September 6th, 2025
Humans have been recording sound for over 3 millennia. The earliest sound recording ever discovered was a collection of cuneiform tablets from Mesopotamia that instructed a performer on how to play a hymn on a lyre. Specifically, this is the earliest known instance of musical notation, a kind of “sound recording” that is still used today. But the history of musical notation is not what I’m going to describe here.
Sound, from the perspective of our ears, is simply fluctuations in air pressure that are translated into meaningful perceptions by our brain. Recording sound, in the more common sense of the term, is therefore just a matter of recording the fluctuations in air pressure and playing them back for our ears and brain to decode.

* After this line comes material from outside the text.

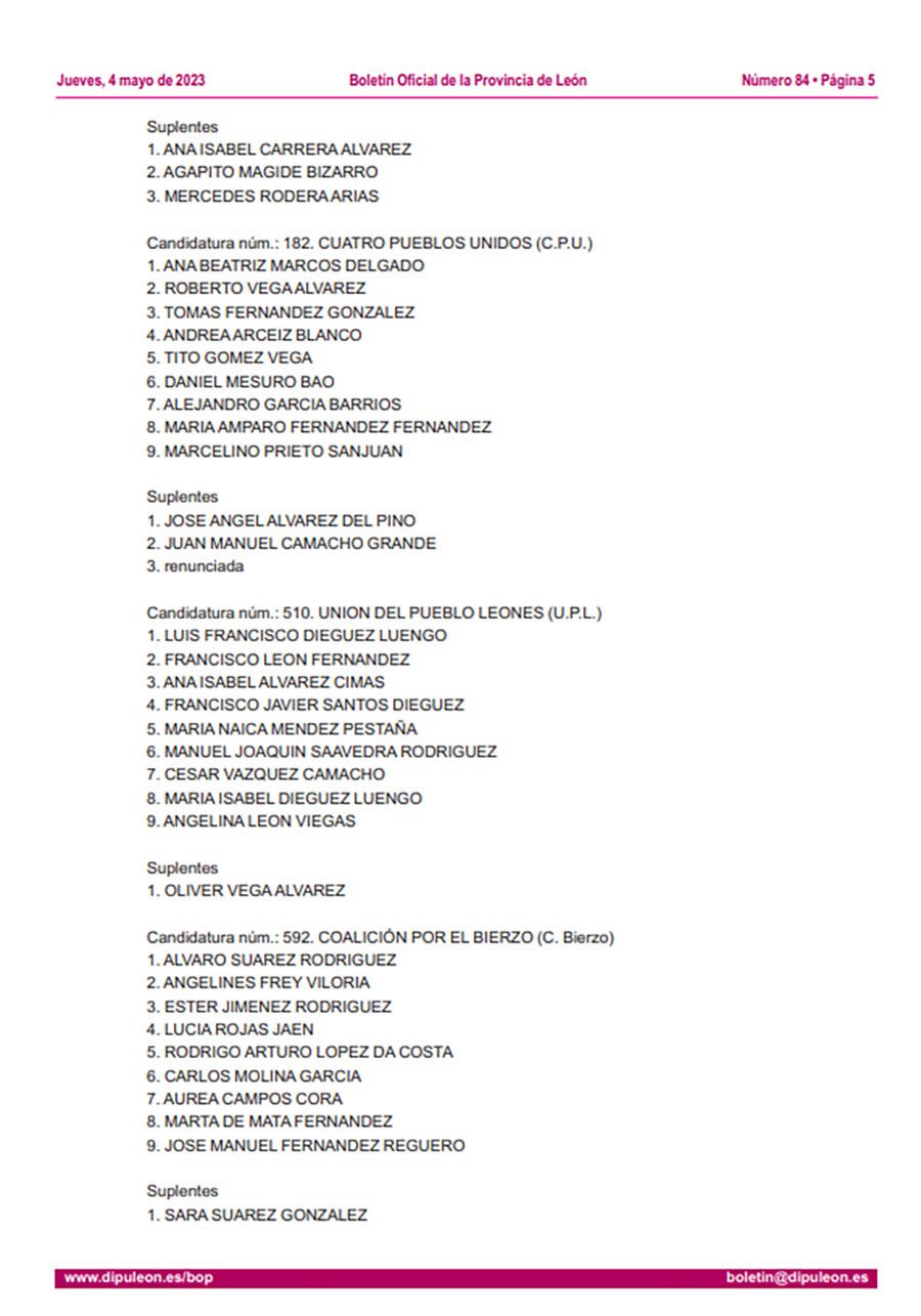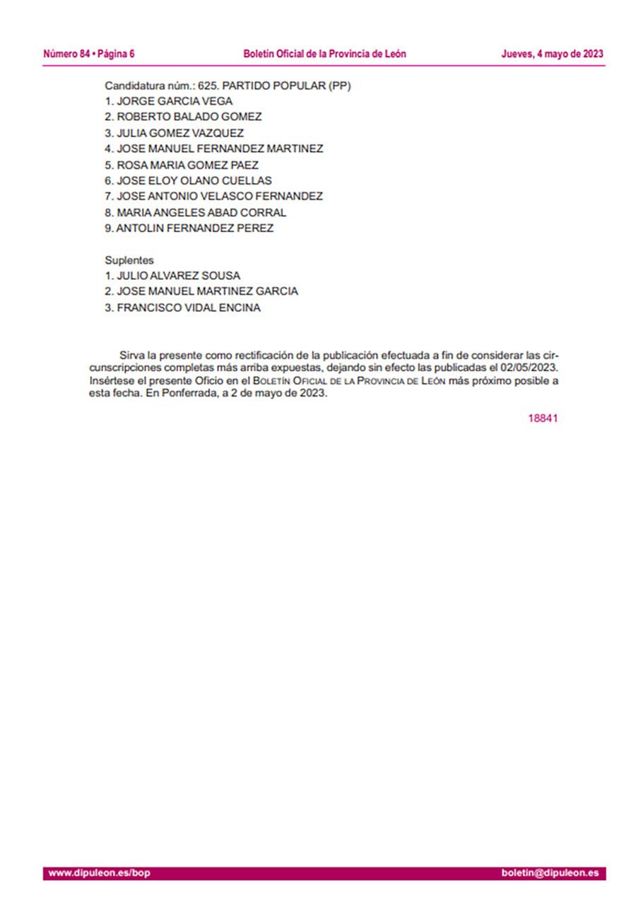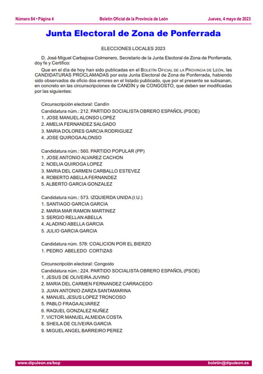 En la misma línea de subsanación en circunscripciones, Congosto también se ha visto inmersa en errores dentro de las ya listas proclamadas, por lo que sus modificaciones finales firmadas por el Secretario de la Junta Electoral de la Zona de Ponferrada, ya aparecen en el BOP de este 4 de mayo.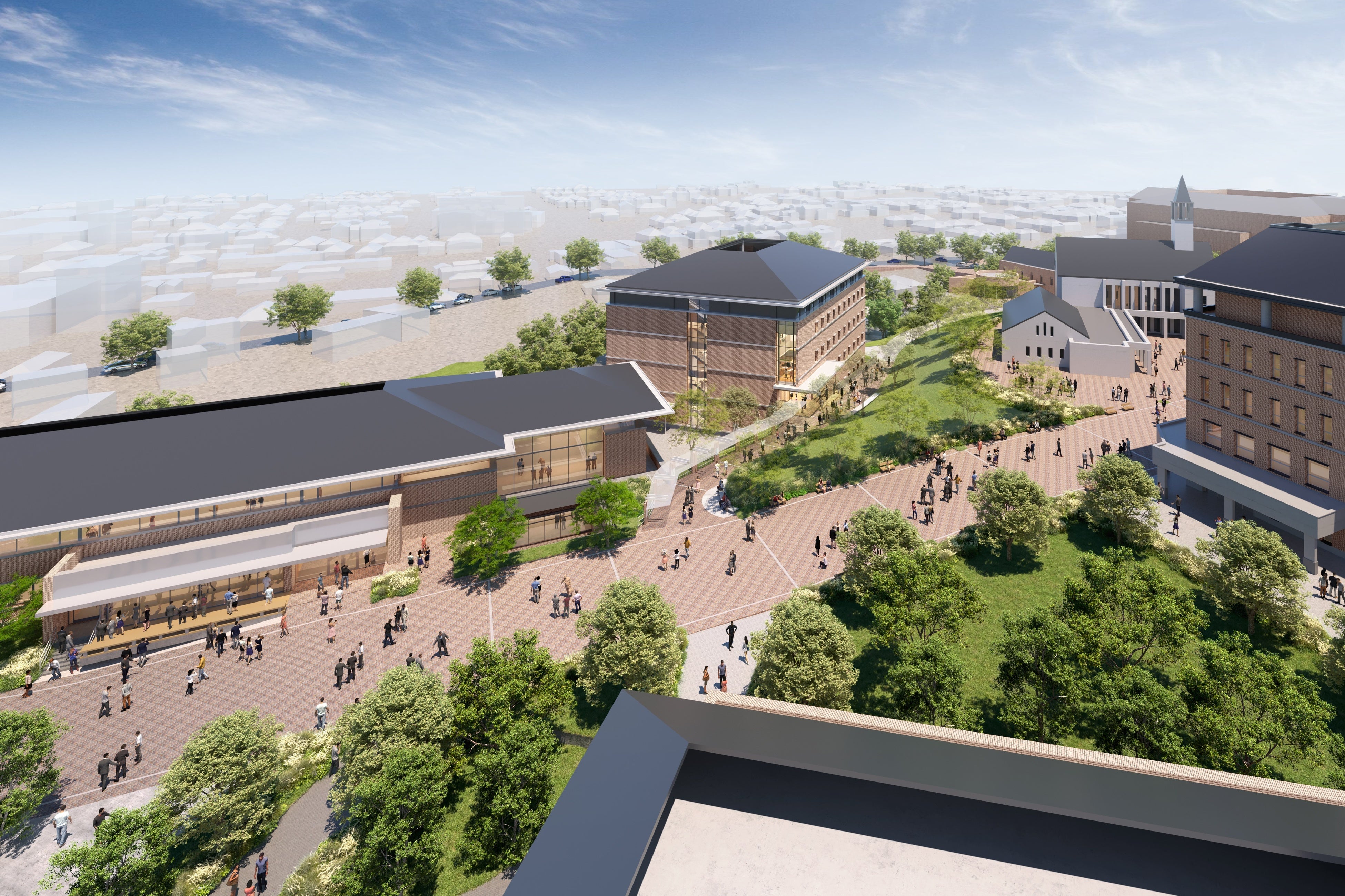 工学部の実験・実習がスタートする2026年度秋学期に合わせ、2026年8月には、地上5階建て、約5,600平方メートル の工学部新棟が竣工予定。ものづくり工房や各種実験室、研究室など、工学の学びを支える施設や機器を整備します。

The earliest device created for this purpose was the phonograph, invented by Thomas Edison in 1877. The earliest model consisted of a horn, responsible for picking up and playing back sound, a wax cylinder, for recording the sound, and a stylus, for cutting a groove into the wax that acted as an analog of the sound wave recieved by the horn. Sound waves entered the horn and were funneled towards the stylus, causing it to vibrate in step with the sound waves. This cut a groove into the wax cylinder, which was rotated at a constant speed. To play back the sound, the wax was allowed to harden, the stylus returned to the start of the groove, and the cylinder rotated at the same speed. The groove in the wax caused the stylus to vibrate, which caused vibrations in the air which were amplified by the horn, allowing the sound to be heard.
In 1888, the Gramophone was invented. (Gramophone is a brand name, it’s really just a modified type of phonograph.) The Gramophone used discs made of out shellac or PVC (polyvinyl chloride, leading to the use of the term “vinyl” for phonograph records - this is the same PVC used to make pipes) instead of wax cylinders. These were smaller and cheaper, though they required specialized equipment to make a record, capable of cutting PVC. However, once one record was made, it could be quickly copied by making a mold out of the original record and stamping or “pressing” new records using the mold.
If you wanted to record multiple sound sources at the same time using a phonograph, you would have to place them all in a room together, with their distance to the phonograph recording machine determining their volume. Everyone would have to play at the same time, and no modifications would be possible after the initial recording (so it had to be perfect!)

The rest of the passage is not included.